▶ **Raw data**
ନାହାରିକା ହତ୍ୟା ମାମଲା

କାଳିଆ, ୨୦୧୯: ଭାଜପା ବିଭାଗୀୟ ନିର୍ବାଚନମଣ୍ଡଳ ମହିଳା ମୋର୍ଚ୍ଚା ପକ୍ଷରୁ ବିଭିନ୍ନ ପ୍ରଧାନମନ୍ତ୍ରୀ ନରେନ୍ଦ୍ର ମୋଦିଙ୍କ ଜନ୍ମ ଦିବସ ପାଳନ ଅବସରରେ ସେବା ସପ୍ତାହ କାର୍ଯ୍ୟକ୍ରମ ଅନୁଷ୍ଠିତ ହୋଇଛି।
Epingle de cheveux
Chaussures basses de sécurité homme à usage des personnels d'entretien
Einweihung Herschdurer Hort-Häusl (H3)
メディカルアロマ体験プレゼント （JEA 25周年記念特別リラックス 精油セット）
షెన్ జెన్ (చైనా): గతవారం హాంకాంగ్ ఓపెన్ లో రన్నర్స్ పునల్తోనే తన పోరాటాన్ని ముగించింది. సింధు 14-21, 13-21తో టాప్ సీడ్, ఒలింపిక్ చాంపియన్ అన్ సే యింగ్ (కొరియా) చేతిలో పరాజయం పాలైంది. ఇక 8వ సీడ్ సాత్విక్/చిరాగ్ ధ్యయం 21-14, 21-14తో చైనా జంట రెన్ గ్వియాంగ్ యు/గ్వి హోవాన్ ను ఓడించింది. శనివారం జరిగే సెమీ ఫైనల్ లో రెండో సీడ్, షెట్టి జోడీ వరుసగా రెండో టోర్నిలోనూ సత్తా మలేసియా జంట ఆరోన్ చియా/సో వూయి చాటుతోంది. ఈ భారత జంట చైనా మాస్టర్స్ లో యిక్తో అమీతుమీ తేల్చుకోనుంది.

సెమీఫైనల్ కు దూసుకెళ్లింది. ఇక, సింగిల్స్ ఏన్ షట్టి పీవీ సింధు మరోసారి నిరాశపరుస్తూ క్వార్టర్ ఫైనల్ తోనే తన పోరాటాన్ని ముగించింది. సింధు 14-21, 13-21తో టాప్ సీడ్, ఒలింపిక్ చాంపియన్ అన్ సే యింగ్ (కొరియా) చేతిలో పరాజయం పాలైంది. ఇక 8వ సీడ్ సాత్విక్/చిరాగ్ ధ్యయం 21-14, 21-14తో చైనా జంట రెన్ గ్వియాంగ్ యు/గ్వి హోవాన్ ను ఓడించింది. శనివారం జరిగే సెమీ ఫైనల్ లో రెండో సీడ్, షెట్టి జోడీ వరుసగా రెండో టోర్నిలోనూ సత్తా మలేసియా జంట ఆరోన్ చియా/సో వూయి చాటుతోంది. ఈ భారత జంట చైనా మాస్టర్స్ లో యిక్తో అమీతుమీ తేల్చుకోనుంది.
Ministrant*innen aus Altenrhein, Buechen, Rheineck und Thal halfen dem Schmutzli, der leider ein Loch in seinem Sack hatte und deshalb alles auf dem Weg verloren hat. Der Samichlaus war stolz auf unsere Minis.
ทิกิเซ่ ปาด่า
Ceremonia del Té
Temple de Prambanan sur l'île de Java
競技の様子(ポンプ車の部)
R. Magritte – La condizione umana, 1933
==
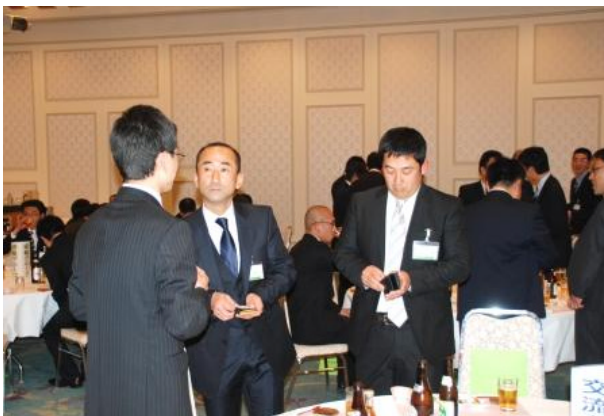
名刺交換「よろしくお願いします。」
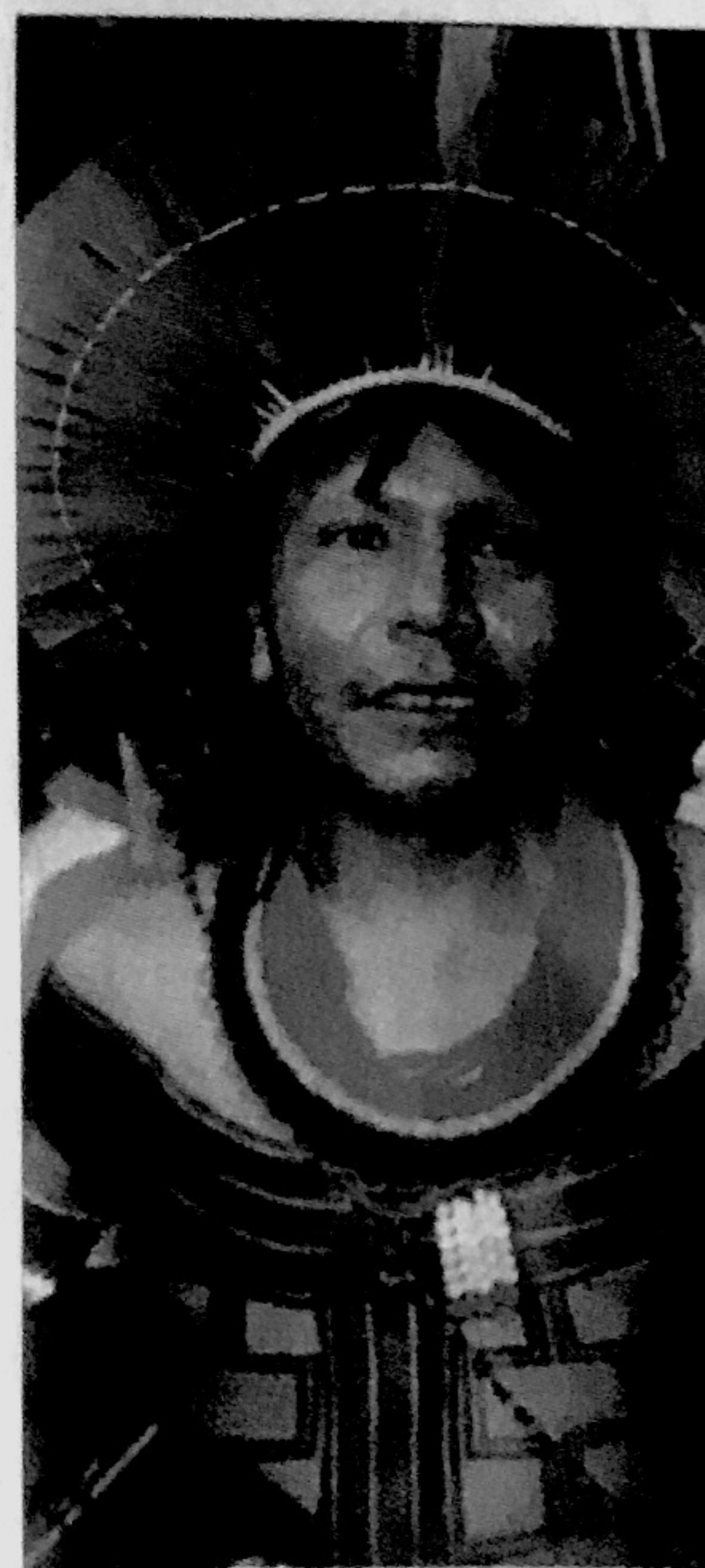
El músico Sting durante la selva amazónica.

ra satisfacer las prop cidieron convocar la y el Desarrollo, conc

▶ **Goal of the exercise**
Everything above from the line containing "El músico Sting durante la selva amazónica." through the line containing "ra satisfacer las" must be copied exactly. Nothing outside that range belongs in the answer.

▶ **Written answer**
El músico Sting durante la selva amazónica.

ra satisfacer las prop cidieron convocar la y el Desarrollo, conc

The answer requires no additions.